ソニーのVLOGCAM第一弾「ZV-1」。「Cyber-shot RX100」シリーズをベースにしたVLOG機だが、市場の人気はミラーレス一眼の「ZV-E10」にあるようだ

 APS-Cセンサーを積んだリコーの「GR III」は根強い人気だが、そういう固定ファンがしっかりついている機種以外は難しいだろう。

 2つめは超望遠のカメラ。具体的にはニコンの「COOLPIX P1000」と「P950」。現在、ニコンがラインアップする唯一のコンパクトデジカメだ。35mm判換算で3000mm相当(COOLPIX P1000の場合)という突き抜けすぎた唯一無二の性能を持つだけに、なんとか生き残ってほしいなとは思ってる。

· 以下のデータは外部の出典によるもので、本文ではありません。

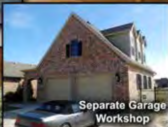
Separate Garage Workshop

TX State Licensed Remodeler & Home Builder

2000mm相当まで撮れる比類無き超望遠のCOOLPIX P950。後継機は出てないが、他にはない特徴を持っているためラインアップに残っている

 3つめは防塵防滴防水耐寒耐衝撃のタフカメラ。OMDSの「TG-6」とリコーの「WGシリーズ」の2つが現役だ。これらには水中や過酷な環境での撮影という他ではまかなえないニーズがある。

 先日、わたしにコンパクトデジカメが欲しいと相談してきた人は、結局タフモデルの「TG-6」を選んだそうな。スマホとは違う性格の違う使い方ができるいい選択肢だったと思う。